Britain's mobile telephony market needs less regulation and more competition, UK telcoms industry watchdog Ofcom said on Thursday, launching a consultation with industry players and consumers on the 15 billion pound (28 billion dollars) market.
Ofcom said proper access, choice and value for money were becoming more important as mobile increasingly replaces landline and broadband services, with people commonly using cell phones to access the Internet, take and share pictures and find locations.
"With significant market and technology developments under way, now is the right time to ask some tough questions about the future approach to regulation," Ofcom's Chief Executive Ed Richards said in a statement.
One particular issue on which Ofcom has invited comment is mobile termination rates - the prices, operators charge each other to access one another's networks and which account for large chunks of their revenue.

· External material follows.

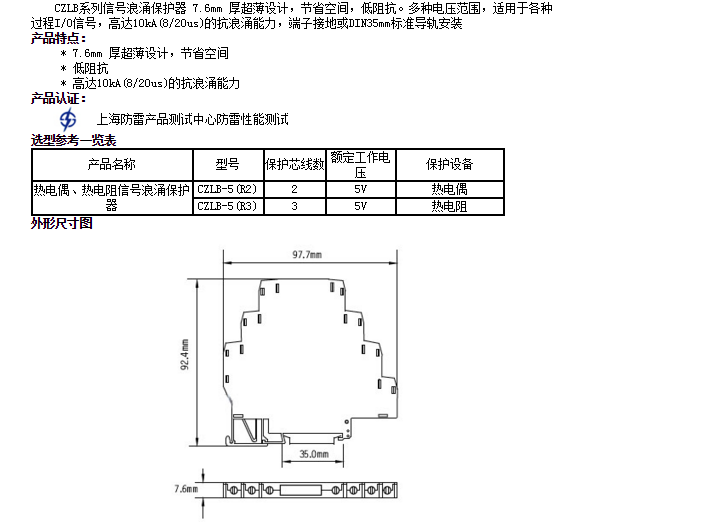 CZLB-5(R2),CZLB-5(R3),信號浪涌保護器

A current regime of reducing these charges annually is due to end in 2011. About 84 percent of Britons over the age of eight now have a cell phone, and between them the country's 60 million citizens have more than 70 million mobile subscriptions.
The country is served by five operators - Vodafone, O2, Orange, T-Mobile and 3 - as well as a clutch of virtual operators who resell air time on the main carriers' networks.
"In our view the potential implications for the UK telecoms market cannot be understated, both for existing mobile players and, perhaps more importantly, for the nation's fixed-line incumbent, BT," Daiwa analyst Michael Kovacocy wrote.